_What is needed:_
Repeat each entry exactly, but do not carry over the pictures.

_Given entries:_
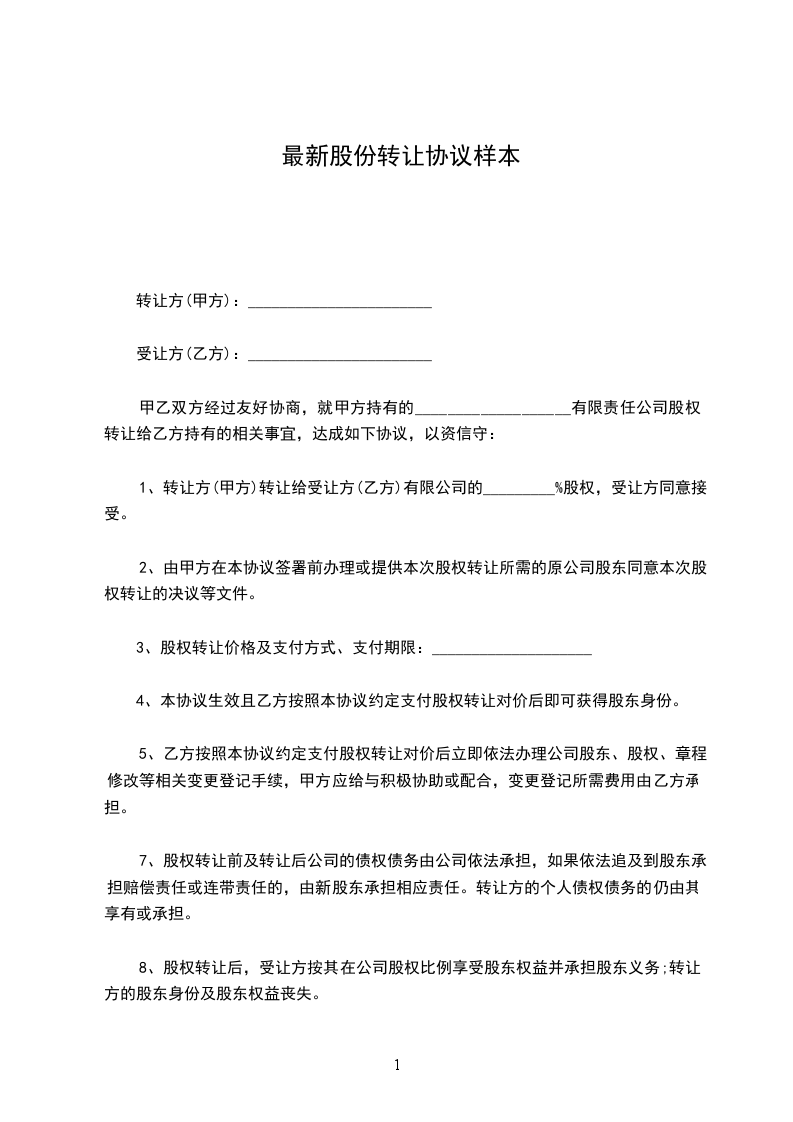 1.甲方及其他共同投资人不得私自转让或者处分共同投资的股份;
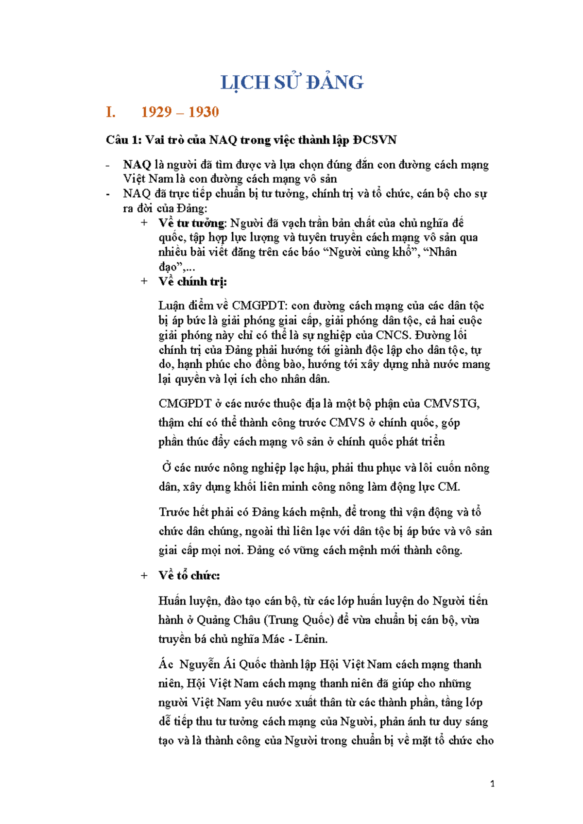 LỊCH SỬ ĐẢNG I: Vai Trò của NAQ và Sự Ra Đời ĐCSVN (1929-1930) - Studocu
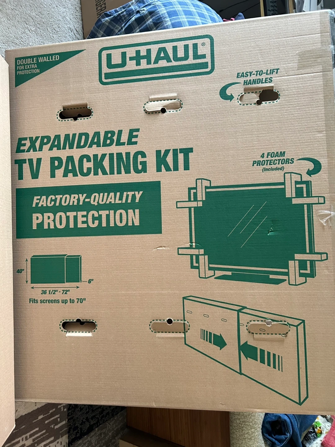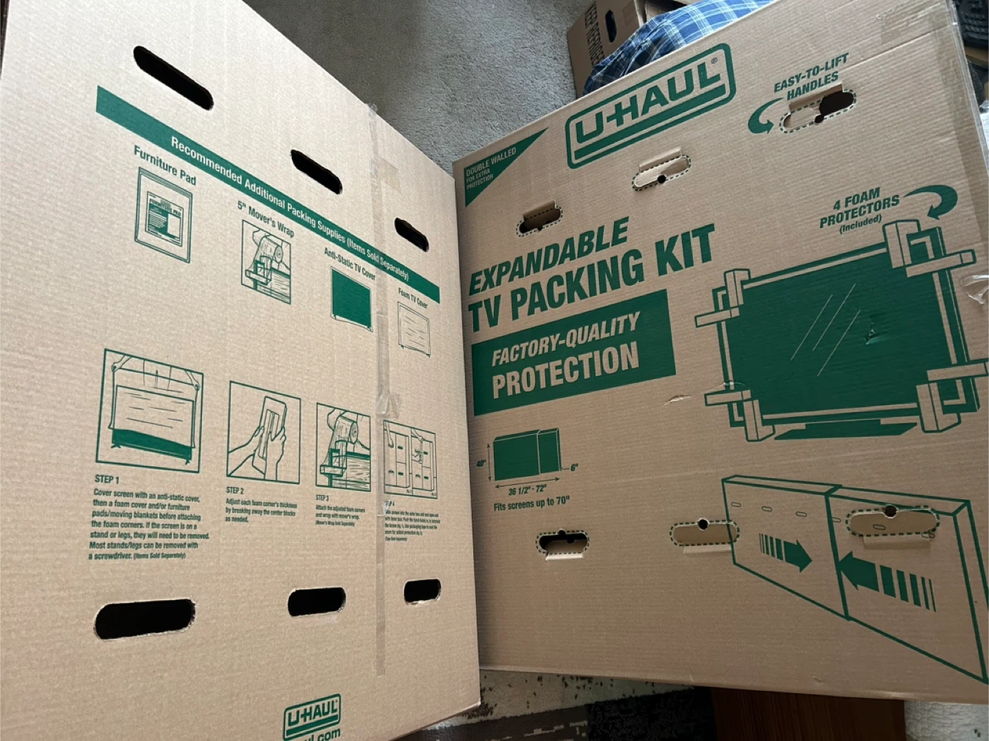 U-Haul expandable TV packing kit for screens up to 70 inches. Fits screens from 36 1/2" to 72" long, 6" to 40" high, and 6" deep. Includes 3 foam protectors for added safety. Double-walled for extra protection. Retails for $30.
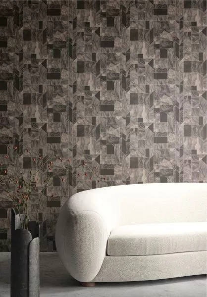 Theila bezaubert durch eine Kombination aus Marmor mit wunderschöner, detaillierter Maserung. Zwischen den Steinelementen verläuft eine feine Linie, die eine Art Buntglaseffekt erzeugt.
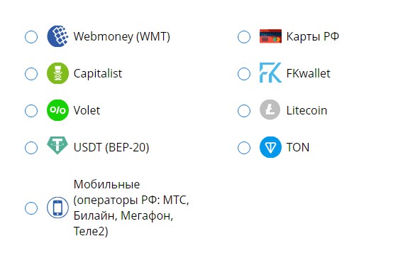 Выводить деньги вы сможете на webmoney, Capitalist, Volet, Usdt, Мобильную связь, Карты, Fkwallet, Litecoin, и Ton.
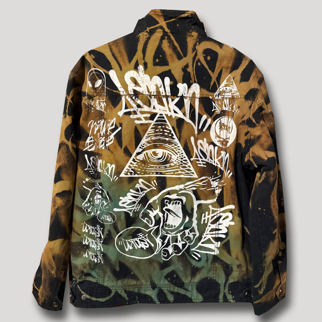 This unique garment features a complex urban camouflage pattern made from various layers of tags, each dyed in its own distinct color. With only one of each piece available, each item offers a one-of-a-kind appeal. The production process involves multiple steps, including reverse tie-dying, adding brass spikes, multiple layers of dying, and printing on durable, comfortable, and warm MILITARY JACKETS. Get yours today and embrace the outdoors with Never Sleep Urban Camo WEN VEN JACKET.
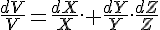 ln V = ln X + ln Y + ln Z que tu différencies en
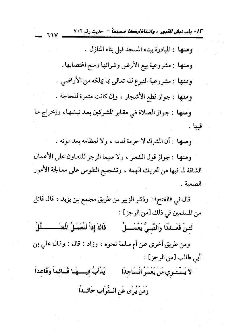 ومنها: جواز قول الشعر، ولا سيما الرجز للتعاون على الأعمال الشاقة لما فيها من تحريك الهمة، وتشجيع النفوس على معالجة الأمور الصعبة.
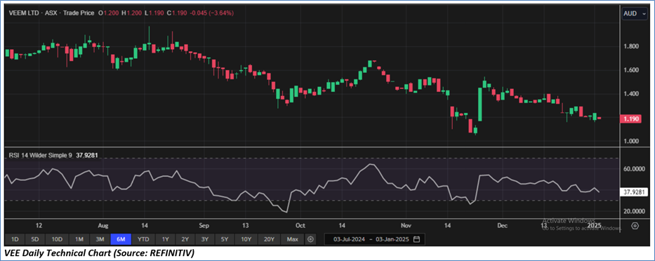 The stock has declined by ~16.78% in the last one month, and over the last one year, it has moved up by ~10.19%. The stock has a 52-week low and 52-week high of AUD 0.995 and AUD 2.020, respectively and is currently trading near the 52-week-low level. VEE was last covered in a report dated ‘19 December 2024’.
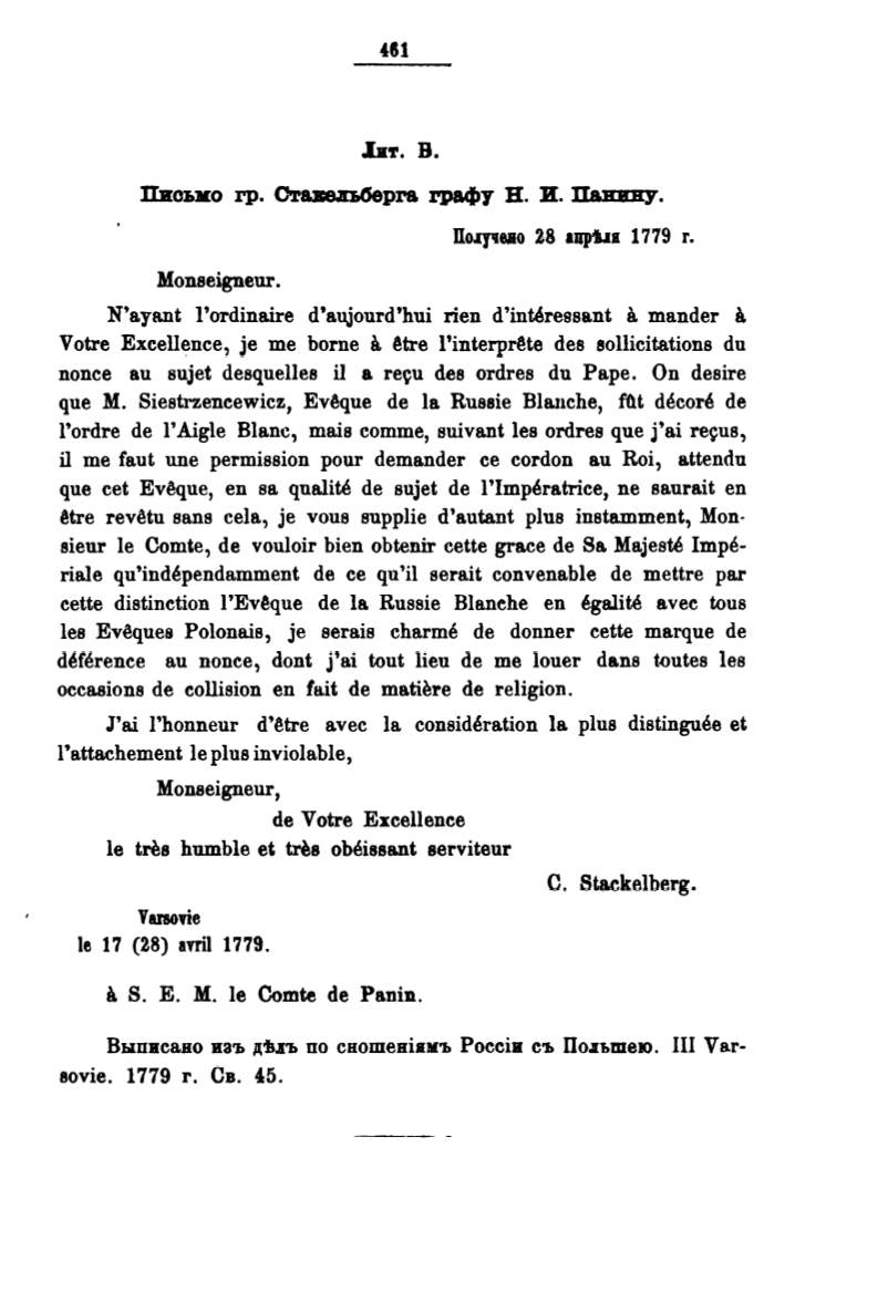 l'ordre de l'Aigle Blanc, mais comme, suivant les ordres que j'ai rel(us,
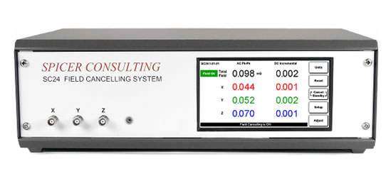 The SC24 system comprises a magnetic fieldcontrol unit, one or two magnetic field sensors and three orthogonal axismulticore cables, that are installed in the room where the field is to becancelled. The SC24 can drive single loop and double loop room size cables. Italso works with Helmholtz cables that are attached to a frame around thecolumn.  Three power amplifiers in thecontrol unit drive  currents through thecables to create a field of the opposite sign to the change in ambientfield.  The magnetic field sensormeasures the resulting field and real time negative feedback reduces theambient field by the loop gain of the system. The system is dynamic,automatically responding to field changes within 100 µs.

_Answer for this exercise:_
 1.甲方及其他共同投资人不得私自转让或者处分共同投资的股份;
 LỊCH SỬ ĐẢNG I: Vai Trò của NAQ và Sự Ra Đời ĐCSVN (1929-1930) - Studocu
 U-Haul expandable TV packing kit for screens up to 70 inches. Fits screens from 36 1/2" to 72" long, 6" to 40" high, and 6" deep. Includes 3 foam protectors for added safety. Double-walled for extra protection. Retails for $30.
 Theila bezaubert durch eine Kombination aus Marmor mit wunderschöner, detaillierter Maserung. Zwischen den Steinelementen verläuft eine feine Linie, die eine Art Buntglaseffekt erzeugt.
 Выводить деньги вы сможете на webmoney, Capitalist, Volet, Usdt, Мобильную связь, Карты, Fkwallet, Litecoin, и Ton.
 This unique garment features a complex urban camouflage pattern made from various layers of tags, each dyed in its own distinct color. With only one of each piece available, each item offers a one-of-a-kind appeal. The production process involves multiple steps, including reverse tie-dying, adding brass spikes, multiple layers of dying, and printing on durable, comfortable, and warm MILITARY JACKETS. Get yours today and embrace the outdoors with Never Sleep Urban Camo WEN VEN JACKET.
 ln V = ln X + ln Y + ln Z que tu différencies en
 ومنها: جواز قول الشعر، ولا سيما الرجز للتعاون على الأعمال الشاقة لما فيها من تحريك الهمة، وتشجيع النفوس على معالجة الأمور الصعبة.
 The stock has declined by ~16.78% in the last one month, and over the last one year, it has moved up by ~10.19%. The stock has a 52-week low and 52-week high of AUD 0.995 and AUD 2.020, respectively and is currently trading near the 52-week-low level. VEE was last covered in a report dated ‘19 December 2024’.
 l'ordre de l'Aigle Blanc, mais comme, suivant les ordres que j'ai rel(us,
 The SC24 system comprises a magnetic fieldcontrol unit, one or two magnetic field sensors and three orthogonal axismulticore cables, that are installed in the room where the field is to becancelled. The SC24 can drive single loop and double loop room size cables. Italso works with Helmholtz cables that are attached to a frame around thecolumn.  Three power amplifiers in thecontrol unit drive  currents through thecables to create a field of the opposite sign to the change in ambientfield.  The magnetic field sensormeasures the resulting field and real time negative feedback reduces theambient field by the loop gain of the system. The system is dynamic,automatically responding to field changes within 100 µs.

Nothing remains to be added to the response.